The last time I had the opportunity to talk with Sue Hart of Bangor, who retired last fall after working 20 years for the town of Orono, was in 2004 when she told me about a project she was eager to share with our readers known as Senior Angels, which is, according to its website, the sister program of Chemo Angels.
Senior Angels matches senior citizens who are homebound, in nursing homes or convalescent hospitals with a Senior Angel who, through a variety of methods, helps brighten their lives and lets elders know someone remembers and cares about them.
Both programs are national organizations. Chemo Angels are volunteers who help others going through chemotherapy treatment for cancer.
Sue told me at the time she discovered these organizations two years previously and recognized how much her mother, who died of ovarian cancer in 1998, would have appreciated having a Chemo Angel, and that a Senior Angel might have been even more important for her father during that difficult time in his life.
When I spoke with Sue last week, our conversation, although upbeat because she simply is that way, was of a vastly different nature because, as Sue so rightly pointed out, her longtime involvement as a volunteer with Chemo Angels and Senior Angels “has come full circle for me.”
Sue has been diagnosed with stage four lymphoma and stage four lung cancer and undergone all the prescribed chemotherapy and radiation treatments.

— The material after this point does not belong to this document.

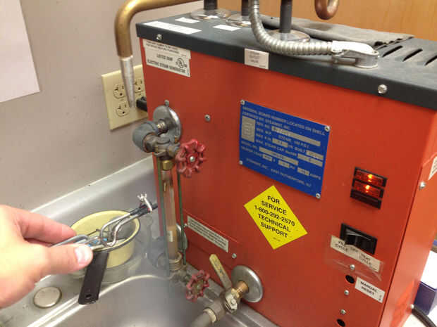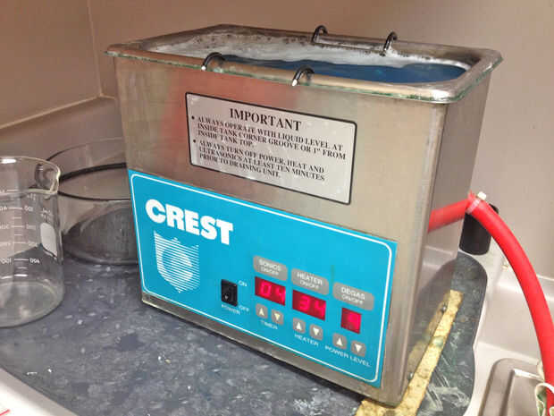 Utilizamos una cresta ultrasonida limpiador que es bastante similar a este modelo - http://www.ottofrei.com/Best-Built-3-4-Gallon-Pro-Ultrasonic-Kit.html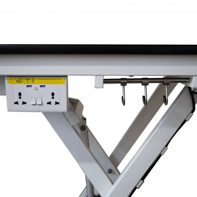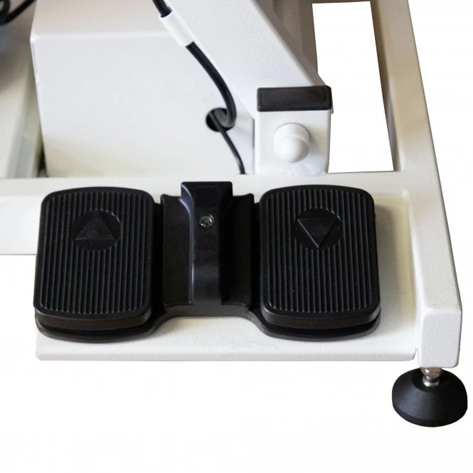 It has an electric chassis controlled via foot pedals that can be lowered to 30cm allowing easy access for larger or infirm dogs to walk on. It can be lifted to 95cm for a comfortable working height, helping to alleviate back pain or strain.

During a recent trip to Dana Farber Cancer Institute in Boston, Sue learned that due to her present condition she has been “put way to the back” of the list for a stem cell transplant.
In the meantime, her husband, Robert Hart, has left his job to care for her, and her friends and former co-workers have become Sue’s “personal angels,” doing what they can to help the couple cope with life as they know it today.
Sue’s former co-worker and friend, Susan Tuholski, contacted me to seek support from our readers for an upcoming fundraiser.
A Benefit Spaghetti Supper and Silent Auction for Sue Coyne Hart is slated for 4-7 p.m. Saturday, May 14, at First United Methodist Church, 40 South Main St. in Brewer.
Admission is $7 for adults, $3 for children and free for children 5 and under.
Susan and those planning this event hope you will attend and help support Sue and her husband.
If you are unable to attend, however, donations may be made to an account at Peoples United Bank in the name of Susan J. Cox-Funds for Sue Coyne Hart.
For information about the fundraiser or how you can help, call 974-8511 or 843-7503.
Sue is very hopeful that she will be up to attending the event that day, she told me, and she is looking forward to it.
She also continues to be very busy with the organizations she sought out, so many years ago, for the sole purpose of bringing friendship and comfort to others.
“Especially my senior guys,” Sue said of continuing to be active with Senior Angels.
“This program has gone right out of sight, and I still send letters and things to them in the mail.”
Sue is a Senior Angel to one person in Washington state, another in California and a third in Michigan.
“It gives me something to do and something to look forward to,” Sue said of maintaining those long-distance relationships.
Sue keeps her correspondence with her seniors as positive and upbeat as possible, just as she and her husband are trying to be each and every day.
To her friends and supporters, Sue said, “I’ve told them I’m still looking for the fat lady to sing, and she hasn’t even come up with a song yet, so we’re keeping our spirits up!”
Helping the Harts keep those positive vibes going are those special friends, family and neighbors, their “personal angels,” who are apt to drop by with a warm, healthy meal or colorful balloons just to brighten their day.